Clad in tattered clothes, the barefoot boy told Pajhwok Afghan News: “My father was killed in an explosion. My mother and I recently started begging for survival.”
He said they had never imagined falling on such bad time as long as his father was alive. However, they ran into a host of problems after Naeem’s father passed away.
“I started going to school two years ago, when my father worked as a labourer to feed our family. But my school days were numbered. With my father’s death, all my dreams were shattered,” he added.
He lived for some time with his uncle, but was soon told to fend for himself. “My mother, two sisters and I now live in a ruined house in Kandahar City.
“I beg all day long, making 60 afghanis with which I buy food,” said the boy, whose mother washes clothes and dishes for neighbours. When she has no work, she also goes begging with her son.
“I know begging is not good. Some people abuse us, but we have no other option,” remarked Naeem, who regretted many children like him were robbed of their innocence by poverty.

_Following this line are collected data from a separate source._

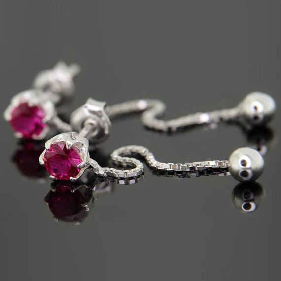 Ozdobione cyrkonią w kolorze fuksji, osadzoną w srebrnym koszyczku. Kamień osiąga 5 mm średnicy.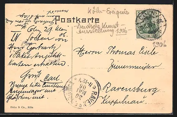 alte Ansichtskarte, gelaufen 1906, guter Zustand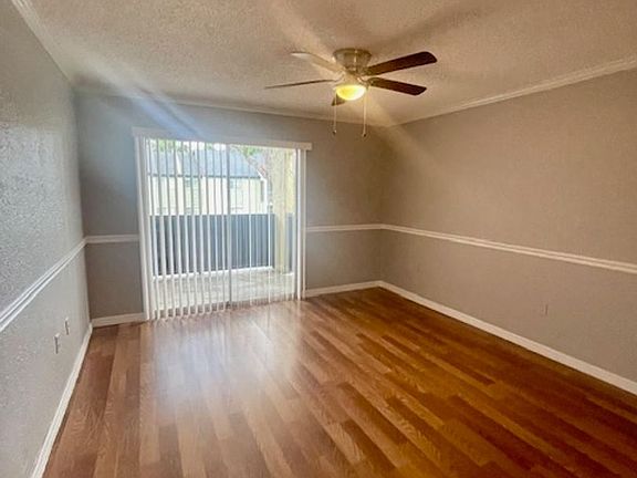 2 Bedroom / 1 Bath Condominium located in Destiny Springs. Second floor unit. Unit has an open area for designated living room and dining room. Screened patio area. Laminated wood flooring thru the unit. Unit has been freshly painted. Good size rooms with spacious closets. Rent includes - water & sewer. Community offers - laundry rooms on site, Tennis Court and community pool.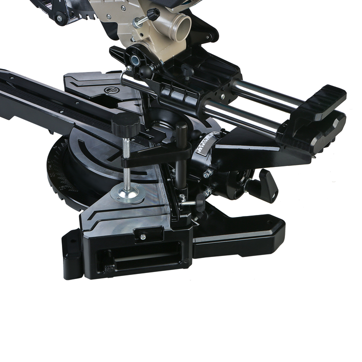 Функция плавного пуска ограничивает стартовые нагрузки и вибрации в целях продления срока службы инструмента. Механизм протяжки пыльной головки расширяет диапазон размеров обрабатываемой заготовки, а фронтальное расположение направляющих разрешает установку модели непосредственно возле стены.  Надежный контроль над торцовочной пилой предоставляет эргономичная D-образная рукоятка.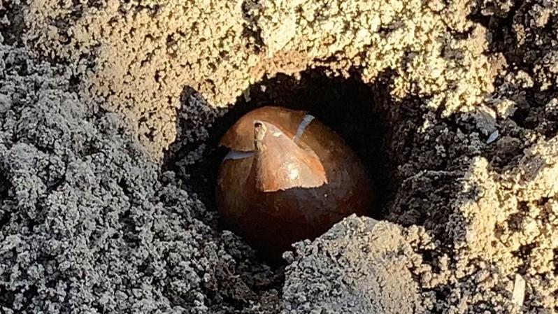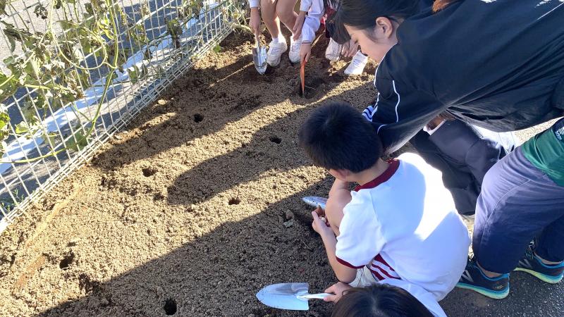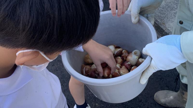 チューリップの球根を植えました。花壇に小さな穴をあけて、そこに1個ずつ球根を入れました。子ども達は1個1個愛おしそうに球根を植えていました。数か月後には芽が出てきます。今から楽しみですね。

Niamatullah, 9, is another child, who begs along with his little sister on streets. His father, a drug addict, is a drag on his family: He and his sister have to feed him and other family members.
“Many a night, we don’t go home and sleep in front of shops,” he said.
A resident of Kandahar City, Haji Syed Mohammad, groups of small beggars could be seen in every square of the provincial capital, imploring people for alms.
Begging undermined a child’s personality and harmed his/her future, he said, asking the government to work for addressing the issue of joblessness and preventing skiving.
Provincial Labour and Social Affairs Director Nazar Ali Qate confirmed the number of begging women and children was rising.
He said they could not conduct a survey to ascertain the number of beggars or help them due to a shortage of workers and lack of resources. He linked begging to insecurity and joblessness.
“With the job market shrinking after foreign soldiers’ pullout, people are really in bad shape,” Qate said, adding many families had moved from districts to Kandahar City due to insecurity.
Support from the US-led international community and the Afghan government was central to resolving the serious problem, he believed.